| Task input |
──────────

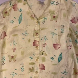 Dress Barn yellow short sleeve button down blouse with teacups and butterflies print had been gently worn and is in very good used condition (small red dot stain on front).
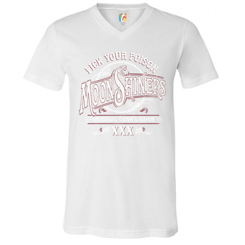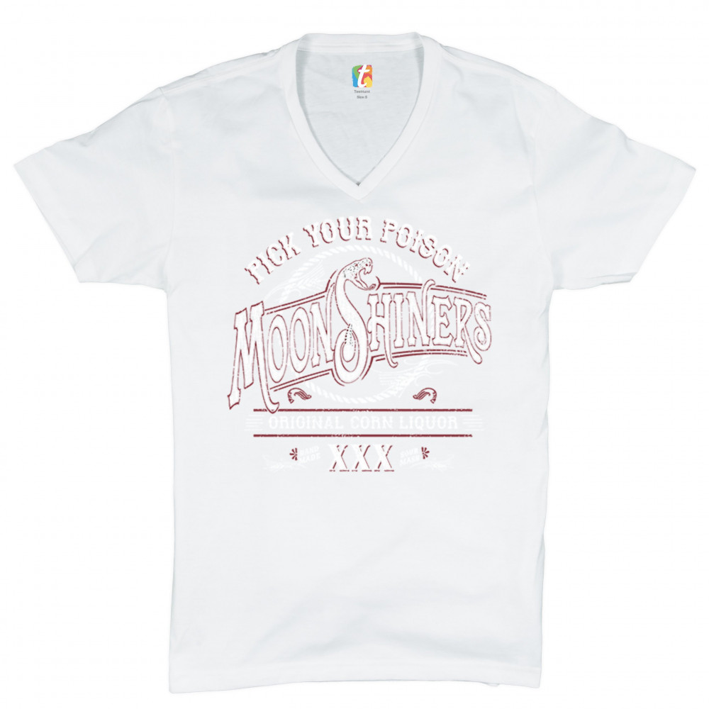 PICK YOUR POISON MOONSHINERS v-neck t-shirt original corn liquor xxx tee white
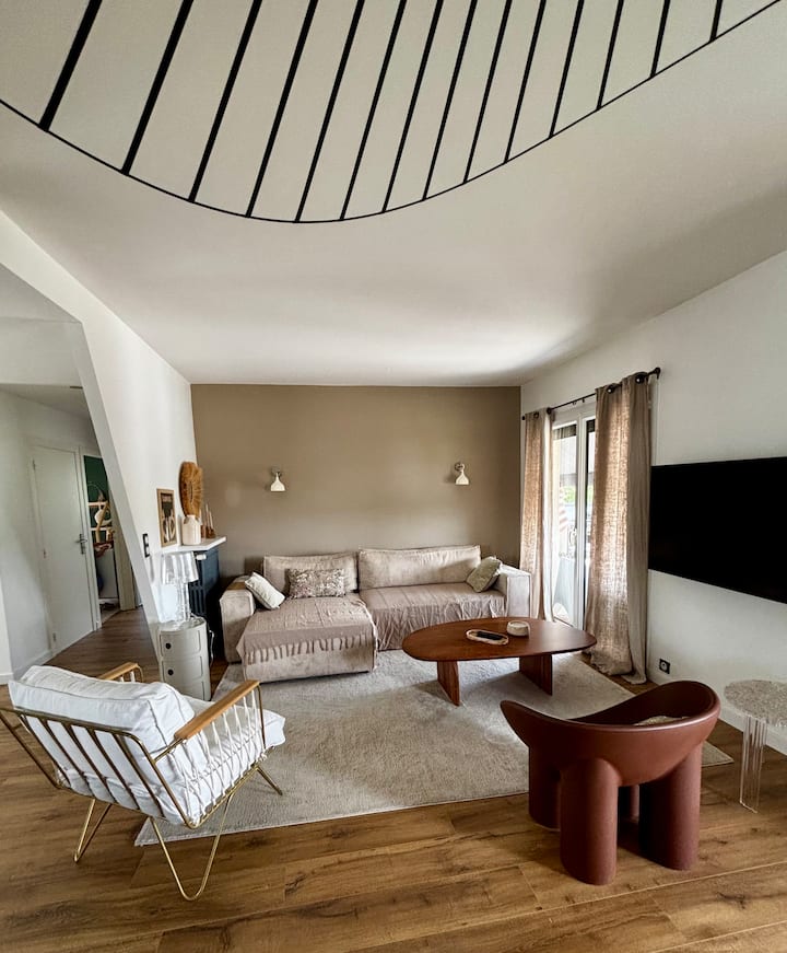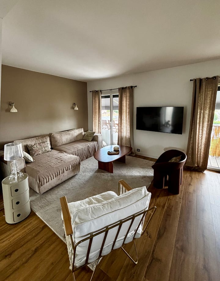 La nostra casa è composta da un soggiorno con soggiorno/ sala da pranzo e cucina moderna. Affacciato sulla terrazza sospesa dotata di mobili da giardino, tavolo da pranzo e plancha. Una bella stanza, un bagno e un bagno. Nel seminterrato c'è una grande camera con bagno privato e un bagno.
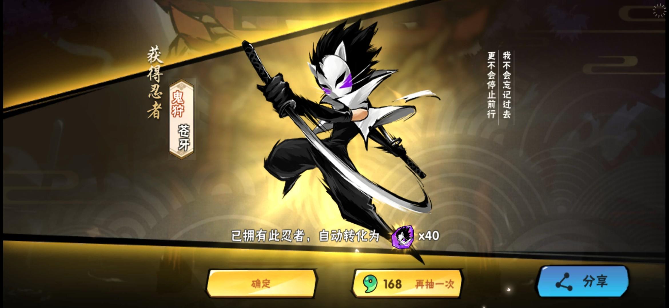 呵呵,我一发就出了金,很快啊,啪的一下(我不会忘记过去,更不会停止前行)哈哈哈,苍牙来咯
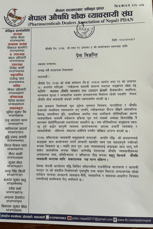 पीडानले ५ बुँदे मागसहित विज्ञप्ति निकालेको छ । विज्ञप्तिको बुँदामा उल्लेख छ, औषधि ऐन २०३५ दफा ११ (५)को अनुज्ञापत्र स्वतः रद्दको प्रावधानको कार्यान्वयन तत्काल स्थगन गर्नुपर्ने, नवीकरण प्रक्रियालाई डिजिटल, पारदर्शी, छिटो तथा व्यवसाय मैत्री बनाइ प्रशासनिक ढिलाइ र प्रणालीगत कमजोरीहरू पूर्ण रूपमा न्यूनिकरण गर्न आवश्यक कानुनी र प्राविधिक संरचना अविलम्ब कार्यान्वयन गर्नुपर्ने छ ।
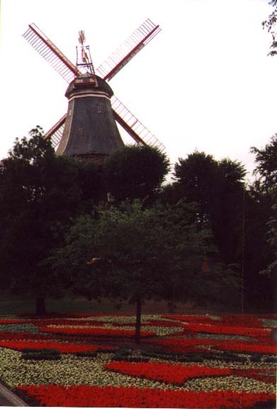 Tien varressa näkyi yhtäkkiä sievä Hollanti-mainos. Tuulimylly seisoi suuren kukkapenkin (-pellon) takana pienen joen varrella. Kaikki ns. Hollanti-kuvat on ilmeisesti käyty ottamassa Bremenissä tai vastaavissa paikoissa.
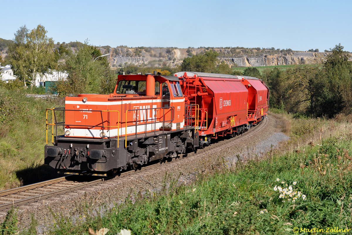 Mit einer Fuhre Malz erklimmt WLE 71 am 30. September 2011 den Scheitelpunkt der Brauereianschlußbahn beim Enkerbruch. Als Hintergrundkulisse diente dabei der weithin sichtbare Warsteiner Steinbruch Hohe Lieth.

──────────

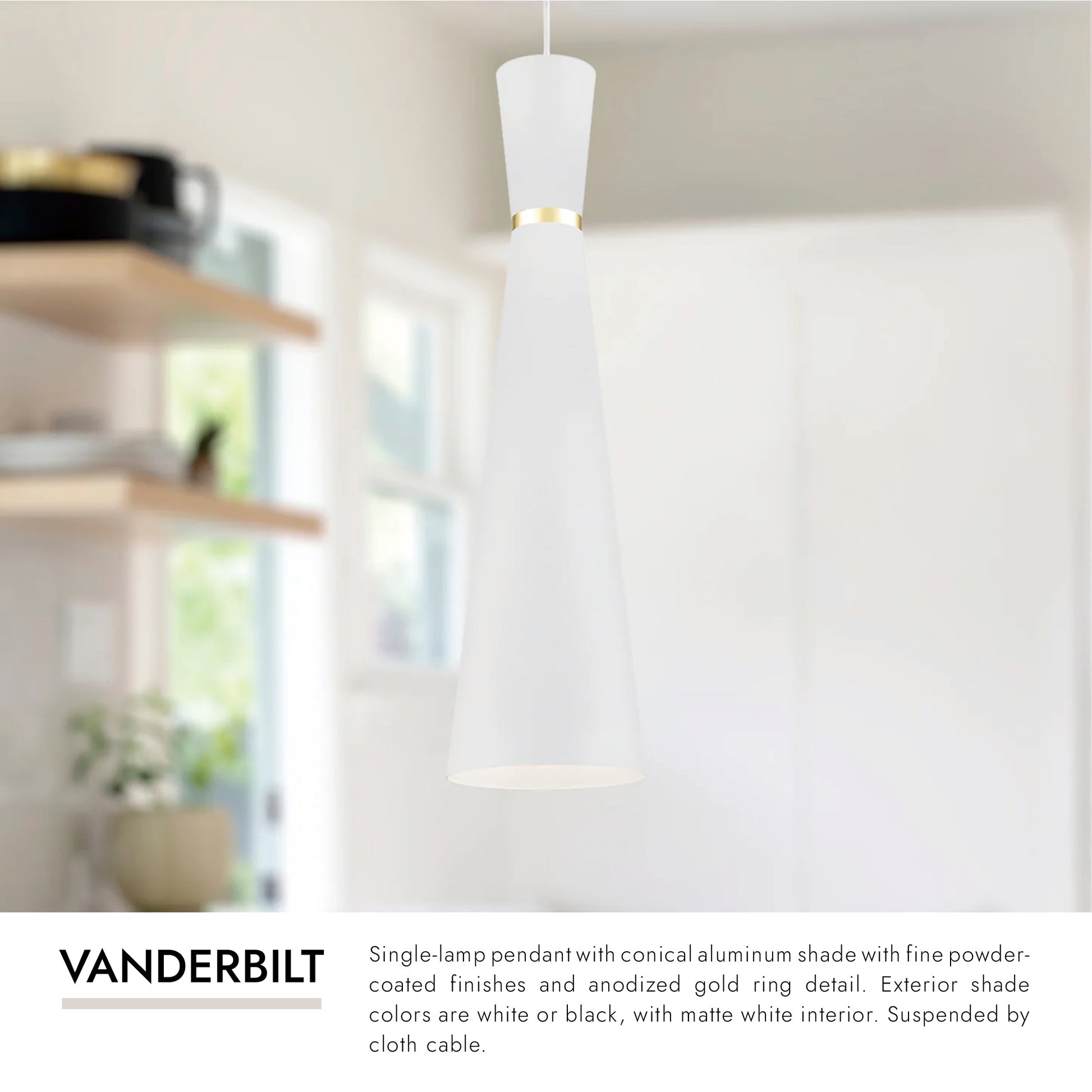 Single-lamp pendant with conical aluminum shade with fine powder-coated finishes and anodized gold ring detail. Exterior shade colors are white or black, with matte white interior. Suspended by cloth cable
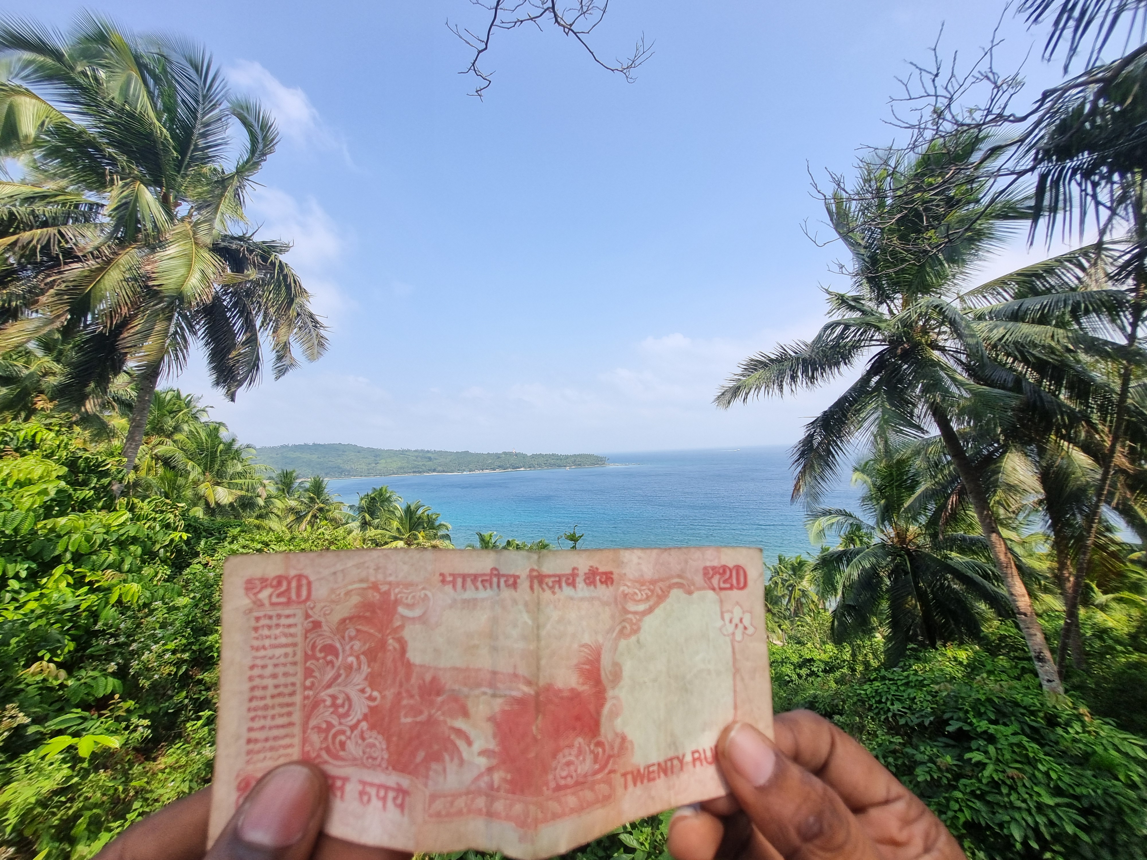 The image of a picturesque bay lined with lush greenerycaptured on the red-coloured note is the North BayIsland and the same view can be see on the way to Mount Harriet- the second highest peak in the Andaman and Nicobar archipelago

──────────

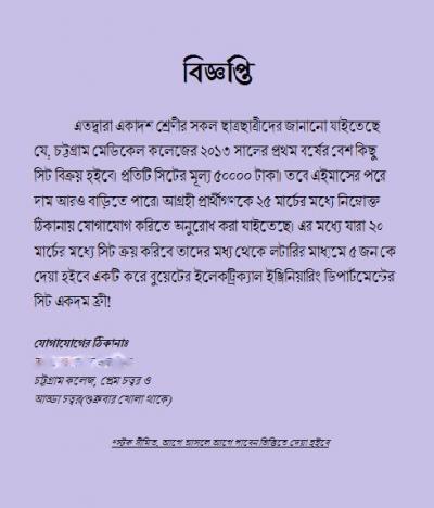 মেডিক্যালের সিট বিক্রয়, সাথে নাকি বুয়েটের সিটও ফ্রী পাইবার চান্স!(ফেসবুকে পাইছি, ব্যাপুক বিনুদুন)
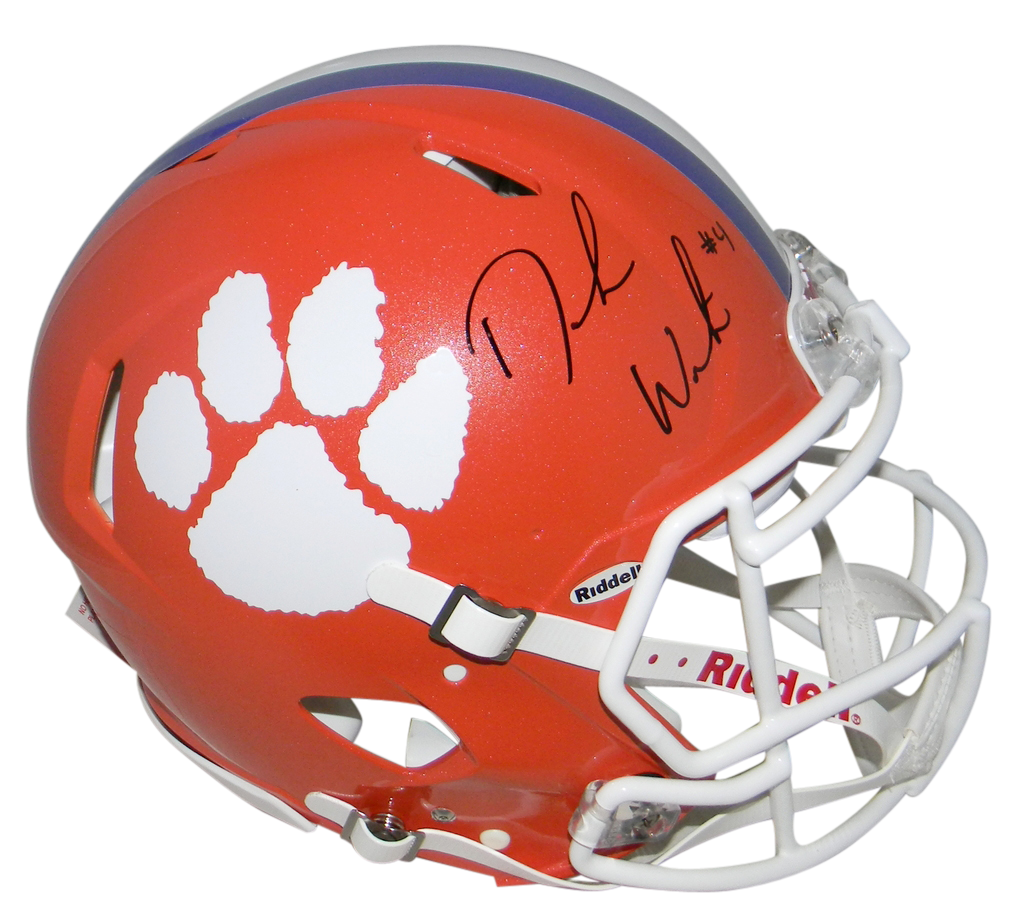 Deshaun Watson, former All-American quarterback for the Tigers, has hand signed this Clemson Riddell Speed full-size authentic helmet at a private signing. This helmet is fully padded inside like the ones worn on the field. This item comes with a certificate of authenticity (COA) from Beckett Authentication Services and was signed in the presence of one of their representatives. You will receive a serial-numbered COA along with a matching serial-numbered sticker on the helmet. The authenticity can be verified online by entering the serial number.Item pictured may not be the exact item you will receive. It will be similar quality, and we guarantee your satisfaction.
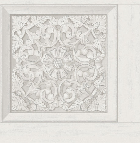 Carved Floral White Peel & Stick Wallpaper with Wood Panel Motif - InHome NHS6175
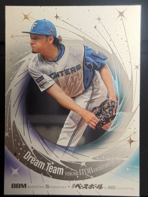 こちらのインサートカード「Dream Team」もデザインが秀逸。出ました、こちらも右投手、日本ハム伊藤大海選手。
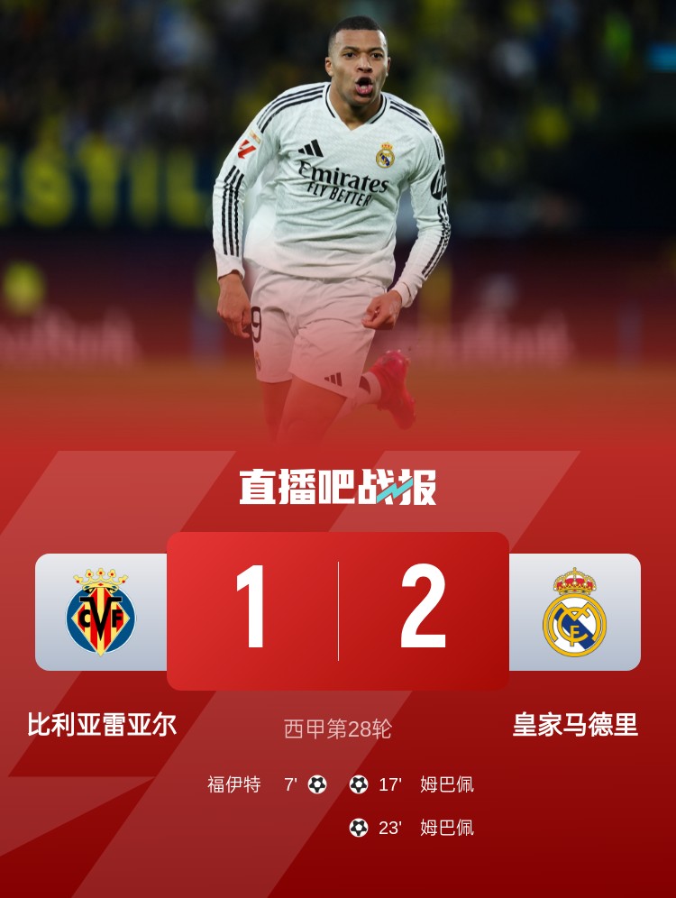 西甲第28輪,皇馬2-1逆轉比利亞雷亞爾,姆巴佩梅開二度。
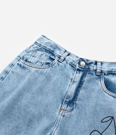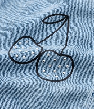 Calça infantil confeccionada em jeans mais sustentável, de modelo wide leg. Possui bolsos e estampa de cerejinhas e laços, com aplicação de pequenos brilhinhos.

──────────

| Directions for this task |
Taking the material above, give again exactly the lines from the one holding "Single-lamp pendant with" through the one holding "The image of", with both ends and without pictures.

| Reply |
 Single-lamp pendant with conical aluminum shade with fine powder-coated finishes and anodized gold ring detail. Exterior shade colors are white or black, with matte white interior. Suspended by cloth cable
 The image of a picturesque bay lined with lush greenerycaptured on the red-coloured note is the North BayIsland and the same view can be see on the way to Mount Harriet- the second highest peak in the Andaman and Nicobar archipelago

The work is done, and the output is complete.